1 Introduction

The safe land disposal of wastes in this ever-increasingly populated world is a problem of major concern to the environmental protection authorities (ICOLD 2001). Mine wastes are of particular concern, given the large amount generated, and by the presence of potentially toxic elements (Lottermoser 2010). Mine wastes can be defined as unwanted by-products resulted from mining, mineral processing, and metallurgical extraction operations (Lottermoser 2010). Typically, these solid mine wastes are hydraulically moved to tailings dams close to the mine site (ICOLD 2001). Past estimates suggested that there were thousands of tailings dams around the world holding billions of tons of mine wastes (Rico et al. 2008a). These large waste impoundments are prone to failure due in part to maintenance costs, which remain high even after the mine closure, the lack of strict regulation, and engineering misconceptions in their design (Azam and Li 2010; Rico et al. 2008b). As a direct consequence of this recognized vulnerability, the number of reported tailings dam failures is dramatically increasing worldwide with the occurrence of at least one major accident annually in the last 20 years (WISE 2017).
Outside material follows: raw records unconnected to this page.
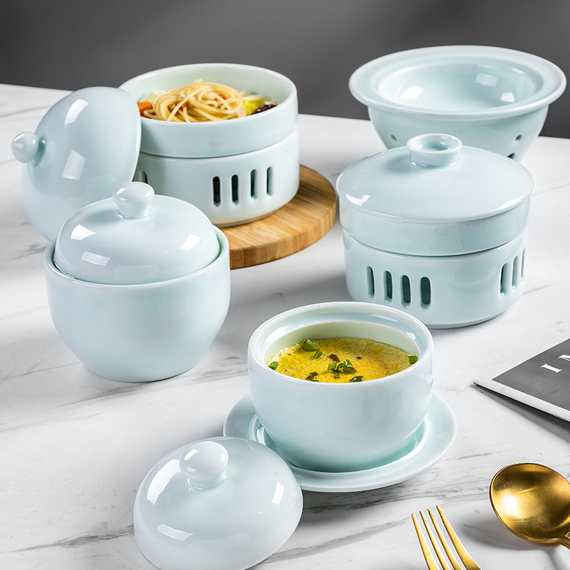 天青釉薬の上で杯のストーブのホテルの中のレストランの陶磁器のツバメの巣のフカヒレのアワビの1人の杯のストーブを煮込んでいます。
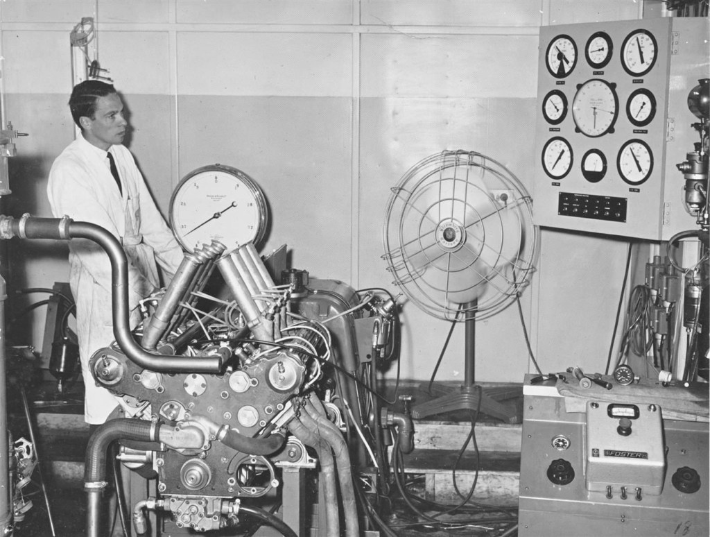 It produced circa 240bhp @ 4700rpm in the early stages of development, rising to 280bhp @ 5000rpm in 1950 when fitted with a twin-plug, twin-magneto cylinder head.
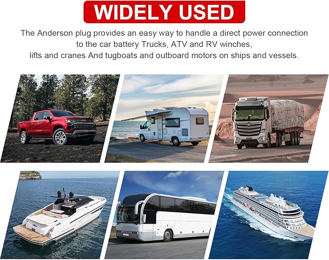 - Good Quality:50A plug connectors are made of high quality PC flame retardant material with excellent heat, durability and corrosion resistance. The terminals are made of silver-plated copper for excellent and stable conductivity. This ensures the durability of Anderson connector kits in harsh environments.

The discharge of mine wastes into river systems caused by tailings dam failures is a severe threat to the quality of water and sediments and to the aquatic organisms and people living downstream (Kossoff et al. 2014). Several studies have assessed the environmental impacts of mine waste spills worldwide (Bird et al. 2008; Ciszewski and Grygar 2016; Liu et al. 2005; Ordóñez Fernandez et al. 2007; Wadige et al. 2016) with a focus on the determination of toxic element contents in soil and sediment samples. For example, the Aznalcóllar region in southwestern Spain was severely affected by a tailing mine spill in 1998 and is one of the most studied sites in the world regarding the evaluation of the adverse effects of toxic elements deposition from mine wastes (Grimalt et al. 1999; Hudson-Edwards et al. 2003; Kraus and Wiegand 2006; López-Pamo et al. 1999; Simón et al. 1999). Millions of cubic meters of mud containing high levels of As, Cu, Pb, and Zn were released to the environment into the area of the Doñana nature reserve, a World Heritage Site in recognition of the exceptional diversity of bird species (Grimalt et al. 1999).
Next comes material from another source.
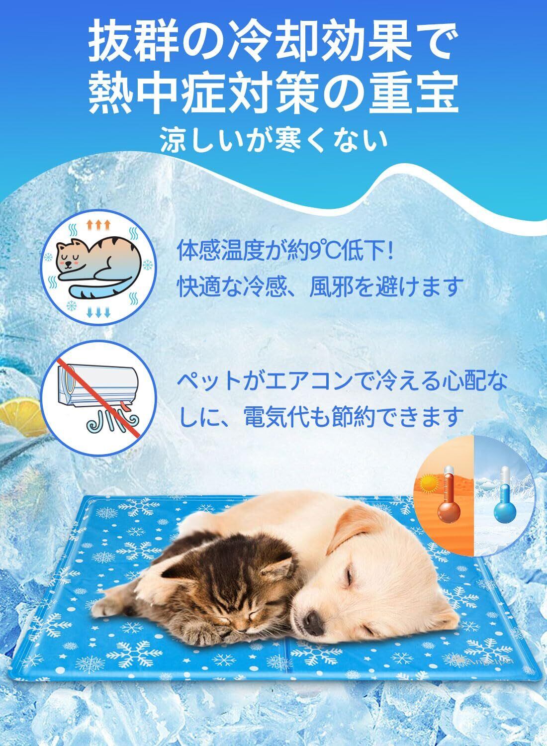 ❄️ 【優れた冷却効果】マット内のジェルがペットの体温を吸収・放散し、冷感を長時間維持します。ペットの体感温度を約9℃下げ、適度な冷たさを保ちながらペットの健康を守ります。猛暑の中でもペットの熱中症対策に役立ちます。全身を毛で覆われたペットにとって、ひんやりマットは夏の必需品です。

On November 5, 2015, after the collapse of the Fundão tailings dam at a Samarco iron mine in the district of Mariana, southeast Brazil, a massive amount of waste was released into the Doce River system (Meira et al. 2016; Miranda and Marques 2016; Porto 2016; Schaefer et al. 2016). This unprecedented tragedy dumped more than 50 million cubic meters of mud that completely destroyed a small village and traveled more than 600 km to the Atlantic Ocean. This “tsunami” of mine waste caused 19 fatalities, produced a massive fish kill along the river, and affected the quality of potable water of hundreds of thousands of people living downstream (Miranda and Marques 2016). The long-term environmental impact to the floodplain soils, freshwater and marine biota in one of the most biologically diverse areas of the world is still unknown. Garcia et al. (2017) conservatively estimated that the regional loss of environmental services derived from the dam burst would be higher than US$500 million yearly. They also stated that at least 126 Brazilian mining dams are vulnerable to failure in the coming years.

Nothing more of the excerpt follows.